Early March vibes

At this point in March I usually make a trip down to the East Sussex coast in the hope of an early migrant or two with LP. The usual urgency to grab a glimpse of the year’s earliest migratory birds wasn’t quite as potent as it often is this time of year as id seen 4 Swallows down near Dunge off the back of the warm southerly weather a couple of weeks ago, back on the 23rd Feb!


Currently we are a week into constant blustery weather from the west and todays winds reached 50+ mph at the south coast. Not great for watching anything so luckily the previous day had yielded a few things to look at.



LP and I checked Belle tout woods on Beachy head first thing Sat and had 2 maybe 3 Firecrests, whilst the Cuckmere held a couple of littoralis Rock Pipits, some amorous Med gulls and this Glossy Ibis thats been knocking around.

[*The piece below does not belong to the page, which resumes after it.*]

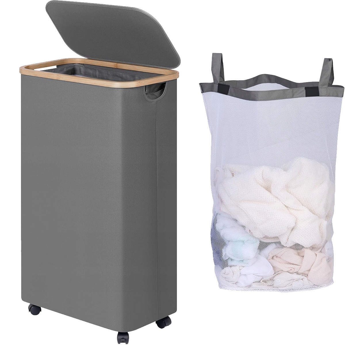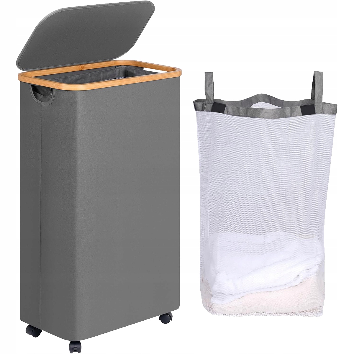Корзина для белья YOUKUKE на колесиках 75 л (43,5*25*75 см), тонкая корзина для белья с крышкой, серая складная корзина для белья с бамбуковыми ручками и съемной сумкой для спальни, ванной комнаты, белья
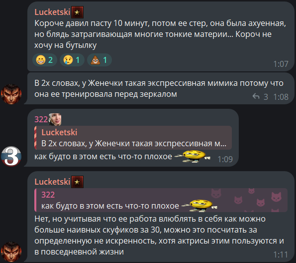 Это для подумать симпам, что никто из старых знакомых не считает Женю настоящей женщиной. Такие дела.

Next up we checked west rise marsh for a Sand Martin or perhaps a Garganey, neither were present although a small group of smart Pintail, one or two Water pipits and the below White Wagtail were signifiers of the comings and goings of this time of year.


As we made our way back to the car we came across 10 or so Gulls and I could make out the familiar facial expression of a Caspian Gull standing face on within the ensemble.  After getting a little closer I could see the also familiar cadmium yellow darvic ring alerting me that this 2nd winter bird would likely be born and ringed in east Germany. A nice, big snouty thing.



Ringed at the usual spot by the very efficient Ronald Klein who replied to my email less that 24 hours later with the birds info.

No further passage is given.